Склоняясь к уху Брайана, чтобы спросить, что с ним стряслось, Ури поискал глазами мать, но ее в гостиной не было. Впрочем, сказал он себе, нелепо было бы ожидать, чтобы она, с ее любовью к опозданиям, явилась к чаю вовремя, да еще после такой долгой дороги. Ведь должна же она поколдовать над своим лицом, над своим нарядом, над своими волосами. Ури почти с умилением подумал о том, как мать всегда остается верна себе. Но это умиление быстро сменилось беспокойством, когда он заметил, что Яна в гостиной тоже нет. Совпадение их опозданий так неприятно поразило Ури, что он даже не расслышал ответ Брайана, и хотел было повторить свой вопрос, но в этот момент кто-то тронул его за плечо.
– Куда вы делись, я вас всюду ищу! – прогудел ему прямо в ухо голос Яна, добавляя к вавилонскому гомону гостиной недостающую толику немецкого лая.
Ури обрадовался ему, как родному, и устыдился своей ревнивой несправедливости. Что с ним, – в детство он впал, что ли? Чего вдруг он сходу предположил, будто мать может так вот запросто лечь в постель с первым встречным? Между тем Брайан, нарушая порядок и справедливость, вне очереди налил Ури и Яну по чашке особо крепкого чая и долго смотрел им вслед по-собачьи преданным взглядом, пока одна из испанских дам не начала взволнованно выяснять, что с ним стряслось. Народу в комнате было так много, что им с Яном не удалось найти двух свободных стульев за одним столиком. В конце концов Ян втиснулся между двумя смазливыми американскими девицами, курящими сигареты на диване у камина. А Ури пристроился на подоконнике возле столика, у которого расположилась неразлучная пара музыкальных пасторов. Возможно потому, что им было неуютно без Толефа, покинувшего их ради отутюженного англичанина, они без возражений впустили Ури в свою беседу.
Преподобный Тоддс принялся словоохотливо расписывать прелести острова Мальта, где он, по его словам, провел последние тридцать лет своей жизни. Прелести были сомнительные, потому что, несмотря на свое звучное романтическое имя, остров был скучно лишен всякой растительности и сплошь покрыт автострадами. Однако его жители отнюдь не бедствовали, а, напротив, очень хорошо зарабатывали на незаконной торговле ливийской нефтью, на которую много лет назад было наложено эмбарго ООН.
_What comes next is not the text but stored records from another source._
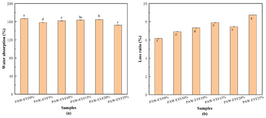 Dry matter absorbency is defined as the weight of cooked pasta expressed as a percentage of the weight of raw pasta. This measurement represents the ability of the pasta to absorb water during the cooking process [38]. The results of the effect of different PAW-EYF additions on the dry matter water absorption of noodles are shown in Figure 3a. As the PAW-EYF addition increased, the dry matter water absorption rate of yam noodles initially decreased, followed by a slight increase and then a subsequent decrease. This trend can be attributed to the disruption of the powder particle structure of yam flour during the modification process, which reduced water absorption and hindered its ability to closely interact with gluten proteins. Consequently, this led to a significant decrease in the dry matter water absorption of the produced yam noodles. In the noodles with added PAW-EYF, the highest water absorption was observed at a 20% addition, which may have been due to the modified yam flour enhancing the integrity of the gluten network in the dough and encapsulating the yam starch within that network, thus allowing for greater water absorption. Conversely, the lowest water absorption was observed at a 25% addition, which may have been related to the loss of excessive soluble matter during steaming.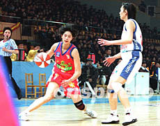 一月二十八日晚,2003中國女籃WCBA全明星賽在河北省秦皇島市奧體中心開賽,八一隊(duì)隊(duì)員隋菲菲(左)第二次獲得聯(lián)賽最有價(jià)值球員稱號(hào)。作者:廖文靜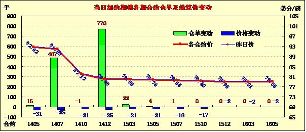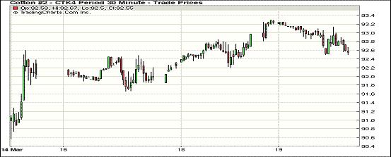3月19日,紐約期棉未能延續(xù)前一日漲勢,遠近合約均普遍下跌;主力5月合約結算價92.62美分/磅,跌31點;1407月合約收于91.83美分/磅,跌25點;1410月合約收于82.12美分/磅,跌21點。當日期棉開盤后普遍震蕩,盤終中幅下跌,主力5月合約持續(xù)下跌,震蕩區(qū)間92.48-93.29美分/磅;美棉銷售情況將決定棉價下一步走勢;外部商品市場小麥和大豆上漲,美股下跌。分析指出,19日期棉市場消息面平平,期棉自上周大幅上漲后缺乏下一步走向,關注今晚發(fā)布的美棉出口周報。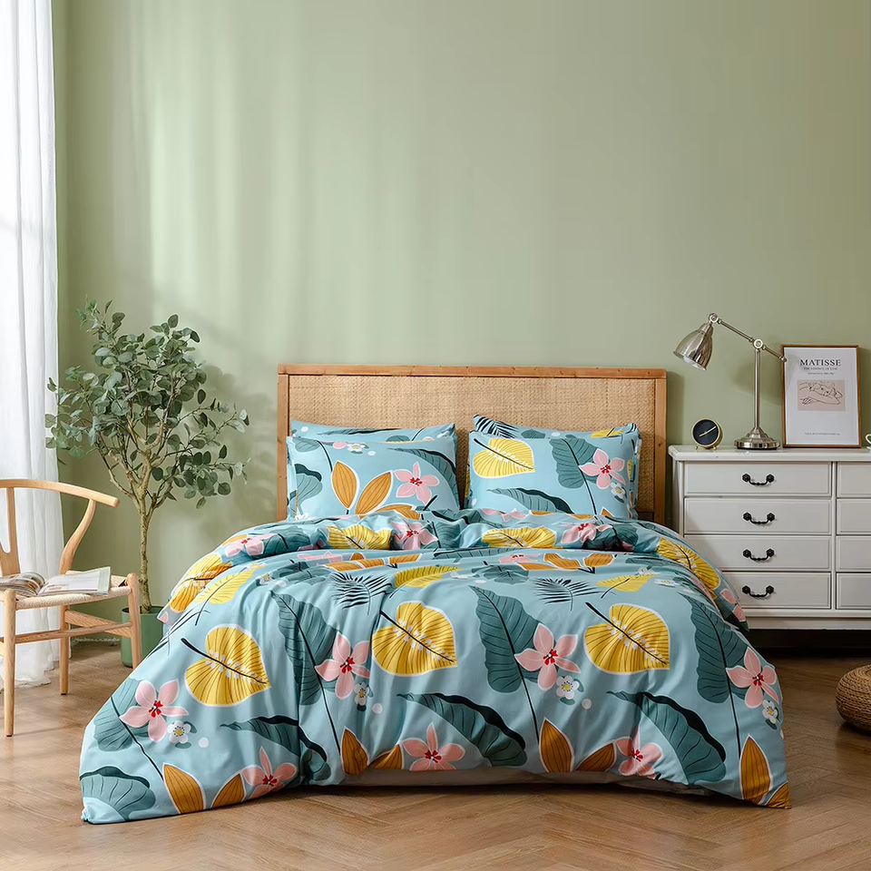 Set di biancheria da letto tessile per la casa estiva in 3 pezzi. Copertura in poliestere spazzolato con stampa floreale, set di lenzuola e federa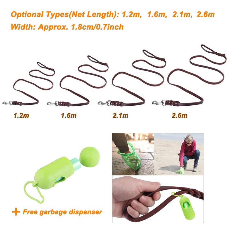 - Leather dog leash dimensions: the leather training lead has a length of: 1.2 / 1.6 / 2.1 / 2.6 metres. Four specifications; width: 1.8 cm, 360° roll connector, which makes walking the dog more comfortable and easier. Can hold all types of dogs from medium to large dogs such as Canaan, Retriever, Dogo, Shepherd, Bernese Mountain Dog, Great Dane, Rottweiler. Great leash for patrolling, running, walking, training equipment.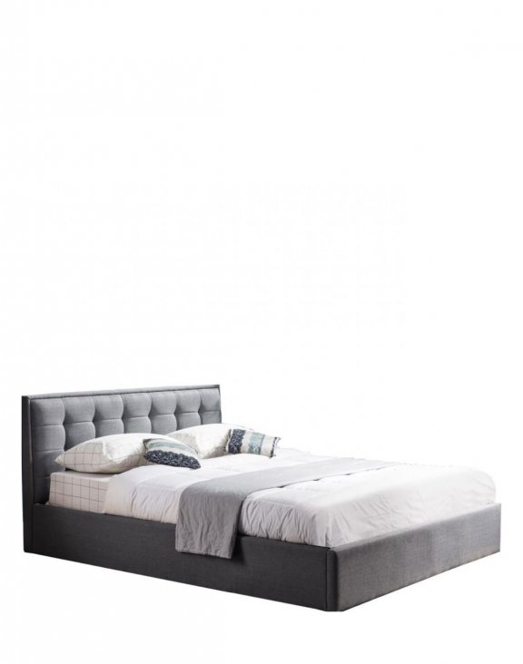 Cadrul este tapițat cu o țesătură plăcută la atingere de culoare cenușie, care se va asorta cu o varietate de amenajări interioare.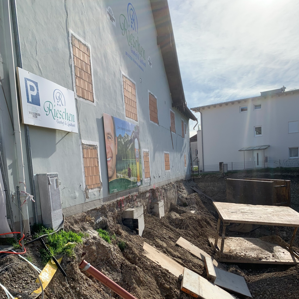 Nachdem es länger still war beim Rieschen beginnt man jetzt mit dem Aushub der Tiefgarage, schliesslich verspricht man ja auch Fertigstellung Ende 2023. Zumindest hat man sich schon mal an die Fenster der Südseite gemacht – aber irgendwie anders als das noch im Entwurf zu sehen war. Es bleibt spannend zu sehen, was von den anfänglichen netten Bildern bleibt wenn es einmal fertig werden sollte.

Когда Тоддс пустился в подробное описание хитрых уловок, при помощи которых контрабандная нефть доставляется из Ливии на Мальту, кто-то распахнул оконную раму за спиной Ури, и случайный солнечный луч, отражая синеву неба, окрасил голубизной серые глаза мальтийского пастора. И тут Ури с поразительной ясностью вспомнил, где он видел эти неожиданно меняющие цвет глаза. Только тогда, почти десять лет назад, на офицерских курсах армии обороны Израиля, глаза эти смотрели на курсантов из-под кудрявого русого чуба полковника Арье Амира, читавшего им лекцию о дезинформации как одном из важнейших видов оружия в современной войне. Голосовые связки Ури непроизвольно сократились, но он успел удержаться от изумленного возгласа и только громко хихикнул, совершенно не в такт рассказу преподобного полковника Амира. И, чтобы не выдать себя, поспешно отвел взгляд от его сверкающего черепа, не столько лысого, сколько тщательно выбритого. Там, куда упал отведенный взгляд, переливался красками лета оконный проем, а в проеме стояла Лу, призывно размахивая какой-то ярко размалеванной афишей.
Головы сидящих за столиками начали одна за другой поворачиваться в сторону окна, но тут дверь распахнулась и в гостиную впорхнула Клара. Она остановилась на пороге. На ней было узкое белое платье из струящейся ткани, без рукавов и с вырезом-лодочкой, выгодно оттеняющее ее сверкающие золотистым загаром руки, ноги и шею. Все глаза обратились к ней, и на секунду в гостиной стало тихо. Ури никогда не мог понять, как матери неизменно удается этот фокус – одним своим появлением привлечь внимание всех присутствующих. Конечно, она была красивая женщина, – даже и теперь, далеко за сорок, она была неотразима, но дело было не в красоте. Какие-то таинственные флюиды, излучаемые ею, создавали вокруг нее магнетическое завихрение пространства, притягивающее к ней взгляды, как мужские, так и женские. Вот и сейчас все отвернулись от Лу и уставились на Клару. Несмотря на молодость Лу, на ее длинные ноги в коротких шортах и на яркую афишу, плещущуюся на ветру над ее головой.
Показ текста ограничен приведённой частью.